Está a decorrer uma invasão do espaço público lisboeta. Novos marcos que vestem a pele daquilo que nos é hoje mais familiar. Saltaram do subterrâneo, das estações do metro, para as ruas da capital, e ao todo são já 46 estes aparelhos que apareceram vestidos numa roupagem amarela, como um sorriso a quem passasse. Isto para não causar choque aos que trazem ainda os sentidos despertos, sensíveis, quando circulam num ‘espaço-lixo’ cada vez mais ruidoso e constrangido, sujeito às tentativas por parte da publicidade de se impor como um percurso de obstáculos no caminho de todos.
O que são afinal estes mupis digitais? Tablets gigantes, telemóveis, réplicas do que já trazemos no bolso mas que se nos metem à frente numa “escala grotesca”, com mais de dois metros de altura, como porteiros com que agora esbarramos nos pontos mais concorridos da cidade. Mas este é amigo, chama-se Tomi. Já havia 34 espalhados por 19 estações do metropolitano, como Baixa-Chiado, Marquês de Pombal ou S. Sebastião. Através de ecrãs tácteis, estes meninos de duas faces, apresentam de um lado os conteúdos publicitários, e do outro, o tal lado supostamente mais simpático, com “tudo o que é preciso saber para conhecer a cidade: agenda cultural, notícias, onde comer ou fazer compras, que monumentos visitar, como se deslocar, ou até tirar uma selfie”. Esta informação é a mensagem que a empresa passa e os órgãos de comunicação veicularam sem qualquer apreciação crítica. O objectivo de qualquer empresário de sucesso hoje não pode deixar de ser conquistar o mundo, e José Agostinho, diretor-executivo da TomiWorld – a “primeira rede urbana de informação interactiva” em Portugal – assumiu que esperava ver o país, de norte a sul, “cheio de Tomis”.
Estes monólitos, como monumentos prenunciando uma nova era que já pontua as zonas mais movimentadas de Lisboa, não só não encontraram resistência, mas parecem ter-se integrado na movimentação urbana como se fosse até desejável que ali estivessem. É para suprir este vazio crítico que surge um filme como “Espaço Público”. Não fugindo à categoria do documentário, mas longe do que resulta normalmente de uma reportagem jornalística, esta reflexão da responsabilidade de Lucas Manarte e Bernardo Ferro está mais próxima da condição do ensaio. De resto, o próprio texto se constrói a partir de excertos de autores capitais das ciências sociais como Theodor W. Adorno, Pierre Bourdieu e Jean Baudrillard.

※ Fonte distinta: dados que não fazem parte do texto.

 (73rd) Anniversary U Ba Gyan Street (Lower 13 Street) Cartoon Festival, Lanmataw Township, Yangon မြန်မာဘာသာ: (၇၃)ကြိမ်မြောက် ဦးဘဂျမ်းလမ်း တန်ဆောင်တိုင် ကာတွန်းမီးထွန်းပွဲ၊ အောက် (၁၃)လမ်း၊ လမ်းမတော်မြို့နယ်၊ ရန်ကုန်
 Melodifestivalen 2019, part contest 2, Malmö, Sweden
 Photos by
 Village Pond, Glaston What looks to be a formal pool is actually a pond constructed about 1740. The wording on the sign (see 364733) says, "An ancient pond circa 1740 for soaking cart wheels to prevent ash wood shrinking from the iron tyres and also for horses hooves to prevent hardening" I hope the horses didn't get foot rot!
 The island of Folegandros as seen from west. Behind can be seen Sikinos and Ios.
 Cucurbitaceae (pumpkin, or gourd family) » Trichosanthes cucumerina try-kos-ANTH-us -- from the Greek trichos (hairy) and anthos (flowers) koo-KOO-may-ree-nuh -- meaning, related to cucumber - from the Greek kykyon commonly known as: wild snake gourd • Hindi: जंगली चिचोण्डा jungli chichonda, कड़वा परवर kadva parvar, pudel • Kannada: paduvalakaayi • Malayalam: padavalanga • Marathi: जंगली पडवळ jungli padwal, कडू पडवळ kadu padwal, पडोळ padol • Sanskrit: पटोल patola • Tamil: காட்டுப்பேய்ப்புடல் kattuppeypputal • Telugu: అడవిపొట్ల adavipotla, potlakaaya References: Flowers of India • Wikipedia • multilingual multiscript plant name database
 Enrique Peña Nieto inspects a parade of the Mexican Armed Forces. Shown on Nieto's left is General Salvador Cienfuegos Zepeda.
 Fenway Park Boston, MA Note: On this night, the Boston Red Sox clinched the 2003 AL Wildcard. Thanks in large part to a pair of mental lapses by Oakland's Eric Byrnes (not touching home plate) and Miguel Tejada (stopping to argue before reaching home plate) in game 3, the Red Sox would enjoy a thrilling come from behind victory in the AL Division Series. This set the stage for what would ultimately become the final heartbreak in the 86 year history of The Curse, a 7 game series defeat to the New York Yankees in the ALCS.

Este “filme-ensaio” de meia-hora terá a sua ante-estreia amanhã, às 21h30 na Cinemateca de Lisboa, numa sessão que contará com a presença de Manarte e Ferro e que, após a projeção, será seguida de um debate no qual participarão o ensaísta José Bragança de Miranda e o crítico literário António Guerreiro.
Num trabalho em que a imagem surge na dupla condição de evidência e ilustração, são as palavras que assumem preponderância, como “instrumento e matéria do pensar em acelerada erosão”, segundo destacam os autores no texto de apresentação do filme. Se não se pode falar propriamente numa obra que tenha como fito explorar as possibilidades técnicas ou os valores estéticos e artísticos da linguagem cinematográfica, aquilo com que o espectador se confronta é com uma eficaz denúncia de um quadro de situações aparentemente benignas mas que apontam afinal para a possibilidade do espaço que pertence a todos estar a saque por privados que camuflam as suas actividades lucrativas de uma condição benemérita.
O filme-ensaio transforma-se assim na prática de um “gesto de combate de ideias”, e se podemos sentir-nos mais ou menos impressionados, em maior ou menor concordância com a tese que nos é apresentada pelos autores, o certo é que se trata de um trabalho despido de quaisquer artifícios para nos embevecer, segurar a nossa atenção, resulta formidavelmente indo “direto ao assunto, porque a ‘marcha cumulativa de informação’ não nos permite mais delongas”. Este primeiro filme de Lucas Manarte e Bernardo Ferro coloca-nos de sobreaviso quanto a uma mudança profunda operada no espaço público: “Onde ontem havia polícias com cavalos e cassetetes, há hoje câmaras e telefones. Se antes se podia combater com multidões em marcha por uma avenida, hoje o combate é pela informação.”